Material provided: Begin

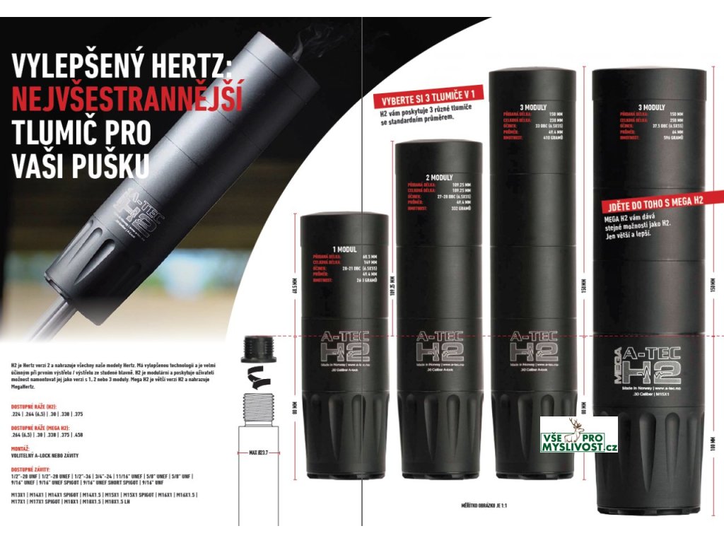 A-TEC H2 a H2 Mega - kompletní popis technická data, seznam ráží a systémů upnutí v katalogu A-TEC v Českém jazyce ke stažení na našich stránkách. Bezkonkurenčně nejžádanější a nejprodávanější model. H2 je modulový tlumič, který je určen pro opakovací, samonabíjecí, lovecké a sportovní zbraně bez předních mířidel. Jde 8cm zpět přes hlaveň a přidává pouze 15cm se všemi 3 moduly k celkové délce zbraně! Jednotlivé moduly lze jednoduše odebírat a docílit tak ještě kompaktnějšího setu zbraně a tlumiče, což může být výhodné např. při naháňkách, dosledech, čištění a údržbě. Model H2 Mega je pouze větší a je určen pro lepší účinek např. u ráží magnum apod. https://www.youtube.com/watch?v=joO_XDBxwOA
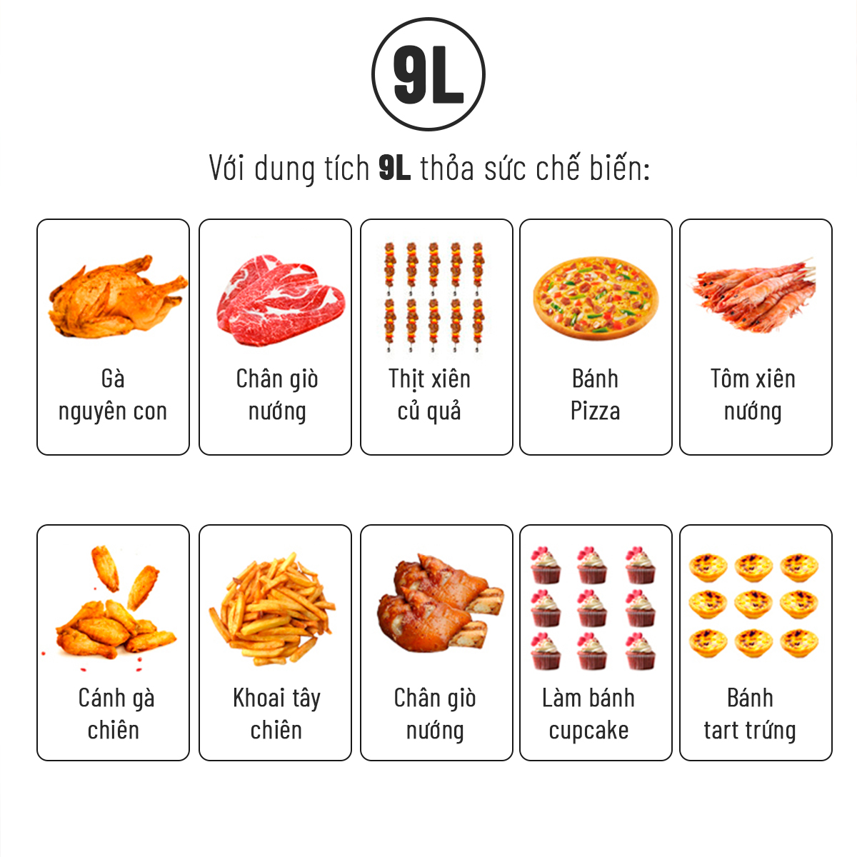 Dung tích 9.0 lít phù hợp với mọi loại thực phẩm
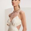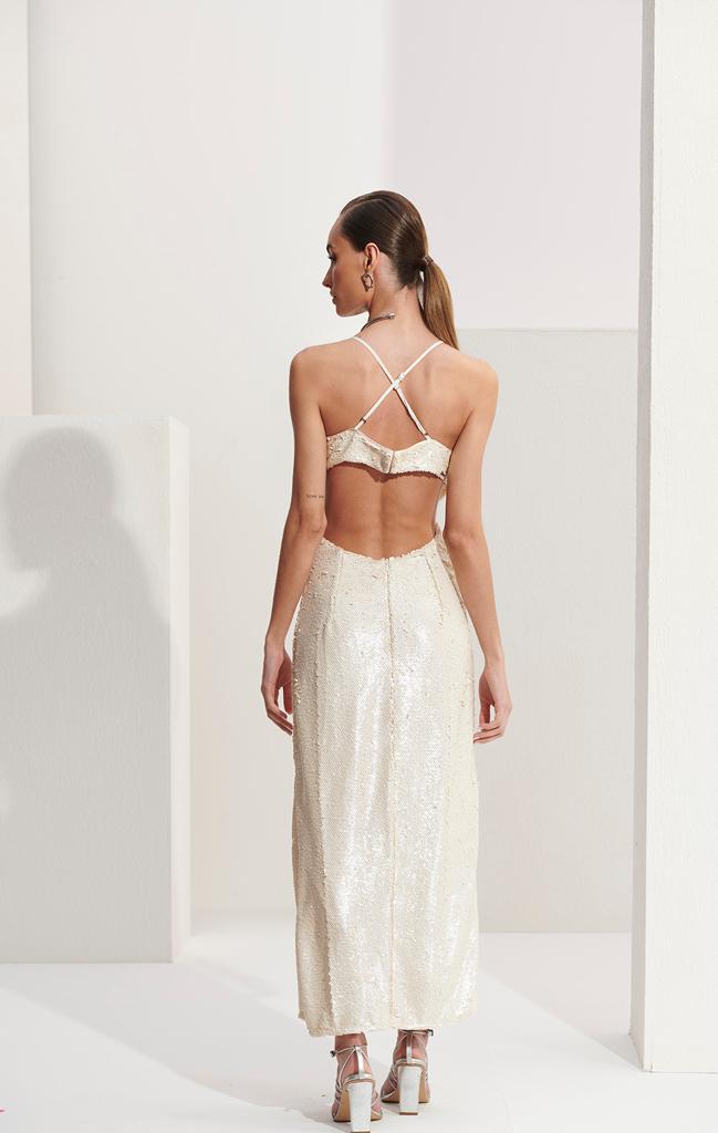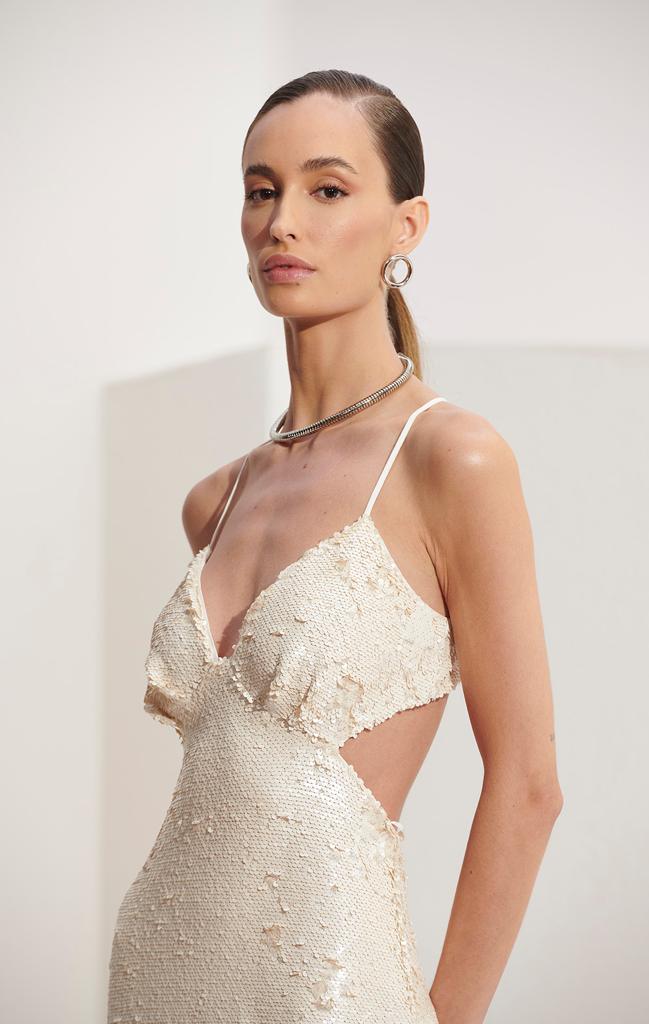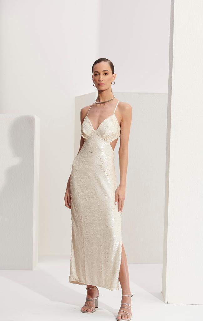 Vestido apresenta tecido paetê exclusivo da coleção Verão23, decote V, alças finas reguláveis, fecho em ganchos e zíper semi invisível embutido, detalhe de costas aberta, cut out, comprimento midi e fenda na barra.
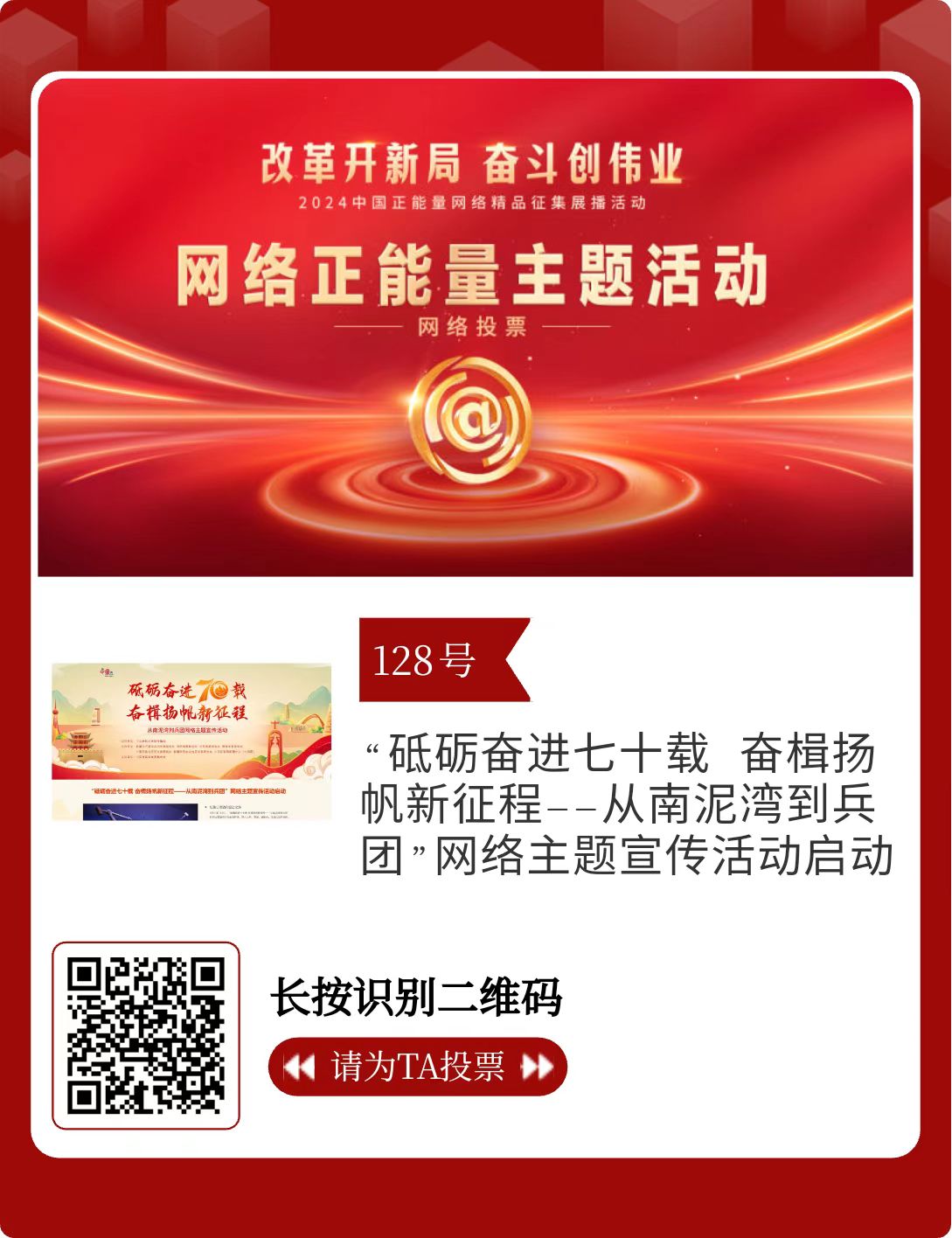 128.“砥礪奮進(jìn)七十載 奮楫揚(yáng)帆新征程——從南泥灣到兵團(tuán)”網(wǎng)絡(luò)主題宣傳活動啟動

Material provided: End

Your assignment:
Copy the data word for word, no pictures.

Solution to this exercise:
 A-TEC H2 a H2 Mega - kompletní popis technická data, seznam ráží a systémů upnutí v katalogu A-TEC v Českém jazyce ke stažení na našich stránkách. Bezkonkurenčně nejžádanější a nejprodávanější model. H2 je modulový tlumič, který je určen pro opakovací, samonabíjecí, lovecké a sportovní zbraně bez předních mířidel. Jde 8cm zpět přes hlaveň a přidává pouze 15cm se všemi 3 moduly k celkové délce zbraně! Jednotlivé moduly lze jednoduše odebírat a docílit tak ještě kompaktnějšího setu zbraně a tlumiče, což může být výhodné např. při naháňkách, dosledech, čištění a údržbě. Model H2 Mega je pouze větší a je určen pro lepší účinek např. u ráží magnum apod. https://www.youtube.com/watch?v=joO_XDBxwOA
 Dung tích 9.0 lít phù hợp với mọi loại thực phẩm
 Vestido apresenta tecido paetê exclusivo da coleção Verão23, decote V, alças finas reguláveis, fecho em ganchos e zíper semi invisível embutido, detalhe de costas aberta, cut out, comprimento midi e fenda na barra.
 128.“砥礪奮進(jìn)七十載 奮楫揚(yáng)帆新征程——從南泥灣到兵團(tuán)”網(wǎng)絡(luò)主題宣傳活動啟動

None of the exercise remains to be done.